Initial Functional Map Generation: For each pair of cats within the TOSCA dataset, we compute initial functional maps using state-of-the-art methods, by adapting the source code from here. Our functional maps are of size 20 * 20, i.e they are written in terms of 20 basis functions on the source shape and 20 basis functions on the target shape.

Graph Generation: We implement a random graph generator using networkX that can generate cycle-consistent graphs. We use this graph generator to generate a graph, with nodes corresponding to shapes from a subset of the TOSCA dataset, and with edges depicting the correspondence relationship between the selected shapes. In our future experiments, this graph generator will allow us to compare the performance of our method depending on the number of shapes (or nodes) and the number of known initial correspondences (or initial functional maps) between the shapes (or sparsity of the graph).

Perturbation: We showcase the efficiency of our algorithm by inducing a synthetic perturbation on the initial functional maps and showing how synchronization allows us to correct it. Specifically, we add a Gaussian perturbation to the initial functional maps, with standard deviation s = 0.1, and project the resulting corrupted matrices on the Stiefel manifold to get “corrupted functional maps”. The corrupted functional maps are the inputs of our optimization algorithm.

Results: We demonstrate the result of our optimization algorithm for a subset of the TOSCA dataset and initial (corrupted) functional maps generated with the methods described above: we consider the graph with 4 shapes and 6 edges that was presented in Figure 3. The optimization algorithm converged in less than 20 iterations and less than 1 second. Figure 4 shows the output of our optimization algorithm on this graph. Specifically, we consider a function defined on one of the cats, and map it to the other cats using our functional maps. We can see how efficiently different body parts are being meaningfully mapped in each of these cat shapes.


Figure 4. The absolute functional map output is visualized as point-to-point mapping, The regions marked with the same colors on the four shapes are being mapped to each other (noise standard deviation = 0.1)

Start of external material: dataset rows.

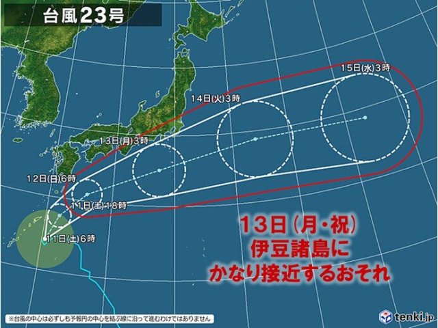 台風23号は、13日(月・祝)には、暴風域を伴って、伊豆諸島にかなり接近するおそれがあります。伊豆諸島では、暖かく湿った空気が流れ込むため、台風接近前から大気の状態が非常に不安定となり、今日11日(土)夕方から12日(日)未明にかけて、雷を伴った激しい雨の降る所があるでしょう。その後、12日(日)夜から13日(月・祝)にかけて、台風の接近に伴い局地的に滝のような雨が降り、警報級の大雨となる見込みです。また、次第に風が強まり、13日(月・祝)には、飛来物によって負傷したり、走行中のトラックが横転するおそれがあるほどの猛烈な風の吹く所があるでしょう。
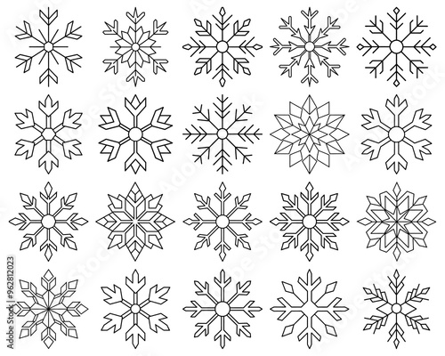 The watermark will not be included on Wall mural.: Snowflake icon - set of linear snowflake icons - christmas decor - black drawn snowflake - snowflakes te
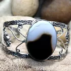 925 Silver Plated Huge Banded Black Onyx 36x27mm Bangle Size 6.5" JW
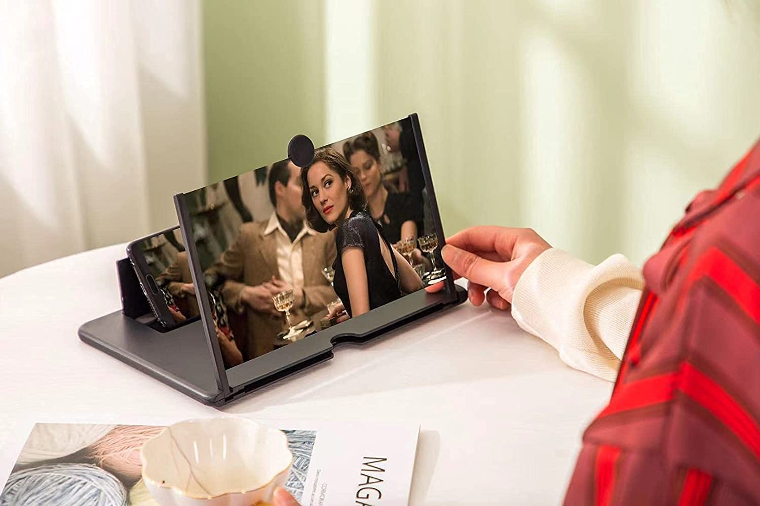 • 【HAND-FREE AND PORTABLE DESIGN】- Folding design, lightweight and compact, convenient carrying, suitable for indoor, office, desktop, travel, journey. Free your hands when using this cell phone screen magnifier to watch films and videos.

Comparison with initially corrupted functional maps: We show how synchronization allows us to improve over our initially corrupted functional maps. Figure 5 shows a comparison between the corrupted functional maps, the ground-truth (un-corrupted) functional maps, and the output functional maps computed via the output absolute maps given by our algorithm, for the correspondence between cat 4 and cat 8. While the algorithm does not allow to fully recover the ground-truth, our analysis shows that it has refined the initially corrupted functional maps. For example, we observe that the noise has been reduced for the off-diagonal elements. This visual inspection is confirmed quantitatively: the distance between the initially corrupted functional maps and the ground-truth is 2.033 while the distance between the output functional maps and the ground-truth is 1.853, as observed in Table 1.

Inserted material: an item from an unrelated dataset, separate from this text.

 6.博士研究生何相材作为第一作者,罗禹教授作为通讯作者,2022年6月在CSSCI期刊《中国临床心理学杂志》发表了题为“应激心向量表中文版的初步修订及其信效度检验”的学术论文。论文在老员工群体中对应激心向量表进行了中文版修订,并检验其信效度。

However, the results on the other functional maps C83, C39, C94, C89, C34 are less convincing; see errors reported in Table 1. This can be explained by the fact that we have chosen a relatively small graph, with only 4 nodes i.e. 4 shapes. As a consequence, the synchronization method leveraging cycle consistency can be less efficient. Future results will investigate the performances of our approach for different graphs with different numbers of nodes and different numbers of edges (sparsity of the graph).

Func. Maps.Error C83Error C39Error C48Error C94Error C89Error C34
Before sync.1.7621.6582.0331.8771.8191.854
After sync.1.6592.519 1.7412.3232.1182.492
After sync. (Riem.)2.5762.6211.8531.9842.181 2.519
Table 1. Frobenius norms of the difference between different functional maps and the ground-truth functional maps

Discussion: We compare this method with the method that does not restrict the functional maps to be on the Riemannian Stiefel manifold. We observe similar performances, with a preference for the non-Riemannian optimization method. Future work will investigate which data regimes require optimization with Riemannian constraints and which regimes do not necessarily require it.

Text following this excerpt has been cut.